Change is inevitable. Things evolve. People come and go. But process and culture stick. They’re based on shared values and vision. What’s best for a New World Order is competition, not conflict. That order requires rules and fairness. Rules need to be embraced and followed. That hasn’t been happening. Perhaps there is a change in the air. There are signs suggesting it’s so. We’ll learn more next week with the G20.
Back to the Market: The path of least resistance seems to have swung to the upside into year-end. Seasonality often takes over. November and December are historically the best months for stocks. It’s even more pronounced in a midterm year. The set-up was certainly there. Internal momentum is building, and long-term trends are even firming as half of the stocks in the S&P 500 are now making 20-day highs, with some back above their 200-Day Moving Averages (DMA). The S&P itself is now slightly below its simple 200-DMA, which has been a major level of resistance all year. That level is currently around 4080. It’s close. The S&P closed Friday just below 4000.

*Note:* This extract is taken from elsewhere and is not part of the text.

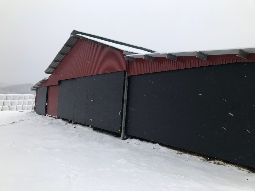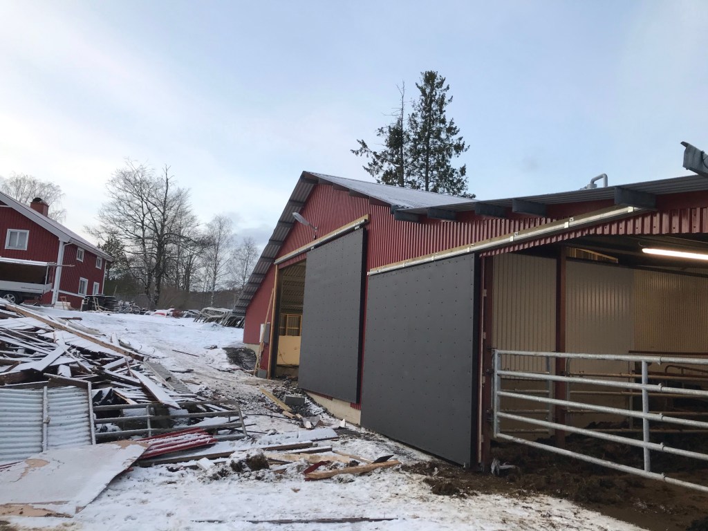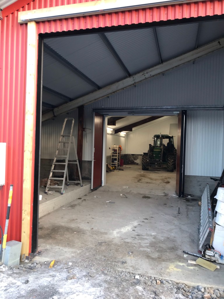 Och typ det bästa av allt, det man nästan gör leende dagligen nu är att öppna och stänga portar. SER ni så rejäla och fina!? De är byggda av snickarna. Ihopsvetsad stålram som sedan är brädslagen och med slätplåt utanpå. Och dessa tunga går nu på Nya rejäla skenor, lätt som en plätt, som hjulen inte kan hoppa ut ur! Vi är så löjligt glada över dessa alltså. Efter att ha haft plåtportar också med stålram men som gått på skenor som minsta lilla fått de att hoppa av! Det har gett många psykbryt när man står med ett spett och försöker lyfta de tunga asen på plats när man inte ser nånting. Eller med pallgafflar som gör att man skadar plåten och ja… Ni hör ju att det varit ett problem!

We still think this rally is a Bear variety. Bear Market rallies are amongst the most powerful. We’ve seen a few of them in 2022. We think this is another one. Things got so negative, and positioning got way crowded to the downside. Valuations came down a lot and overshot a bit. It was inevitable for the pendulum to swing back, forcing shorts to cover. To be sure, there was real buying at hand too, as risk-seeking investors grab what’s perceived to be bargains amongst the rubble. We always have to remind ourselves that bottom formation is a process. Everything going on today fits that bill. Time is what’s needed most. Patience really helps that cause. Patience is an ingredient that has been lacking in America.
Here’s some more reason for optimism: Over the last 90 years, the S&P 500 has generated a median return of 3% through year-end and 17% during the 12 months following midterm elections. Gains have generally been stronger under divided governments. The S&P gained 5.5% on Thursday alone. It sure looks like this rally has legs into the new year. And it looks like the State of America could very well be back on track to a better place.
To all you veterans, thank you so much for your service to our great nation. We are so appreciative for your sacrifice and your oath to the Constitution and commitment to the American people. You are America’s heroes. We salute you!
Have a nice weekend. We’ll be back, dark and early on Monday.